Cayucos’ most influential smoker
November 11, 2019
Editor’s Note: The following series, “Life in Radically Gentrifying Cayucos by the Sea,” to be posted biweekly includes the notes, thoughts, and opinions of an original American voice: author Dell Franklin.
By DELL FRANKLIN
Smoker Jim Ruddell is no longer with us, but his smokehouse just off the seawall and the south lot is, a testimony to his creativity and passion to produce something unique and authentic and, lastly irresistible to the public. Jim’s big old van advertising his business is now driven by his wife Cathy, who has run the business since Jim’s death from cancer, a time during which Jim kept smiling and laughing and never complained.
Jim was a large personality in Cayucos, somebody who had time for anybody no matter who they were, and when he first opened his little hut (a quarter of the size of a millionaire’s clothes closet) around 20 years ago, he smoked pork and beef ribs and gave them away to a bunch of us salivating locals who hung out by his smokehouse, tantalized by the aromas.
We all stood around the seawall or sat in his chairs with our one big meaty rib and scarfed them like hungry dogs, a sight Jim enjoyed almost as much as he did sitting in the Spencer’s Market parking lot in his van, devouring their fried chicken and listening to golden oldies on his radio.
“How’s that chicken, Jim?” I’d ask, heading toward my car with a bag of groceries.
Jim would break out laughing, a drumstick or thigh or wing in hand, face greasy. “Great!”
That was Jim, a simple pleasure making his day, a man with big appetites who loved to eat and once drank too much booze to the point of self-destruction and kicked it; a man who overcame the odds to open a smokehouse—an obsolete business model–and made it thrive.

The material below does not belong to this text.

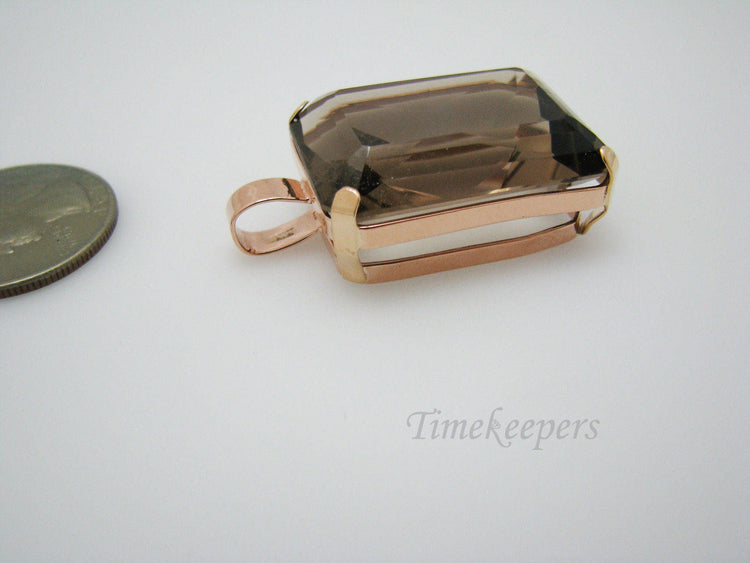 This is a beautiful radiant cut smoky quartz pendant. The four prongs are in a yellow gold with the framing and the bail in rose gold. This piece is not stamped but has been tested to 14k gold. It is simply beautiful!

At one time, almost every beach town with a pier had an accompanying smokehouse that produced smoked albacore and salmon and oysters or whatever was fresh and caught that day. These little ramshackle wooden or corrugated huts held smokers inside.
Jim learned the rudiments of smoking as well as seasonings from his father and uncles who were from Louisiana. When he was living and working as a garage manager for Toyota in Southern California, he yearned to escape the rat race and move north to a small beach town and start his own smokehouse. After finding himself amid the riots and in grave danger while driving the freeway during the Rodney King race riots in Los Angeles in 1992, he pulled up stakes and left.

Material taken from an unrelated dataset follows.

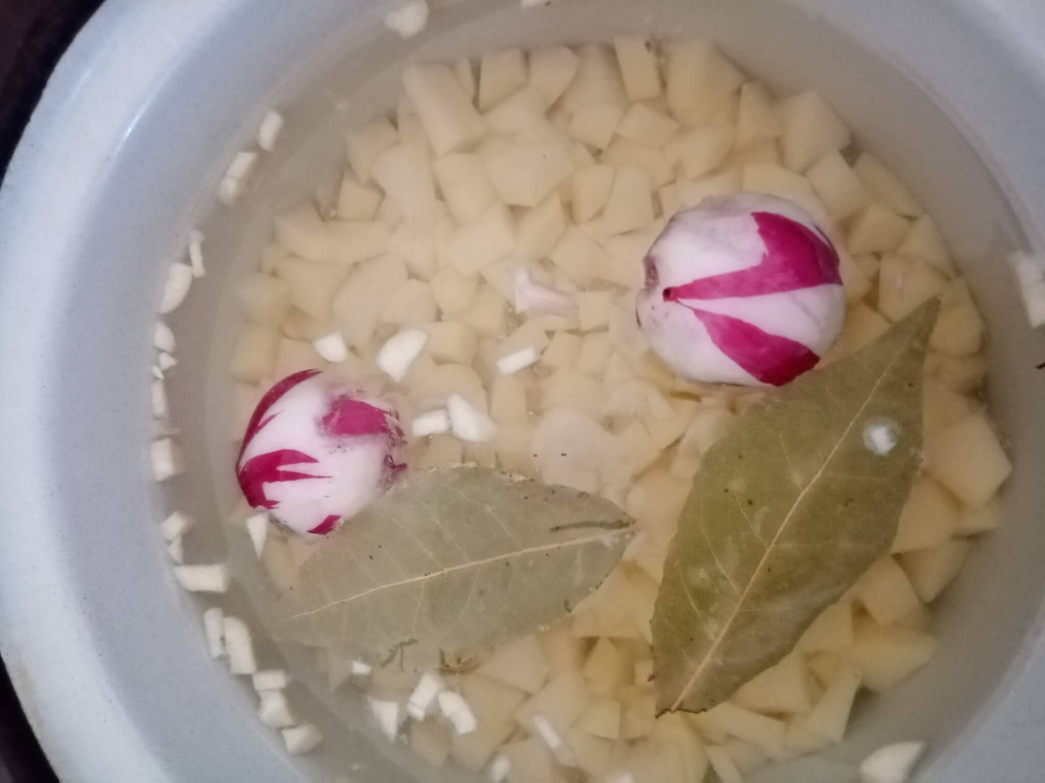- Dodati glavicu luka, dva češnja bijelog luka, lovor, biber i sol. Kuhati dok krumpir ne bude mekan

At first, he worked for Toyota in San Luis Obispo, taking a 50 percent pay reduction. But all the while he was determined to start smoking, and eventually turned an old pizza oven into a smoker, which he kept in the backyard of his home in Morro Bay.
He began smoking turkeys for a few friends. The results were excellent. So he built a smoker in a pole barn on a friend’s ranch in Cayucos. And he got into some serious smoking.
He had an old pickup. Without a business license, he found little spots along highways all over the county, from Highway 1 to Nacimiento Road out by Chimney Rock to Old Creek Road, and laid out his sign: “SMOKED FISH.”
He hung out on Highway 1 a mile north of Cayucos for almost a year. The cops hassled him about a license and he moved on. He had quit his job but he went back and still spent weekends on the side of the roads, selling his smoked fish.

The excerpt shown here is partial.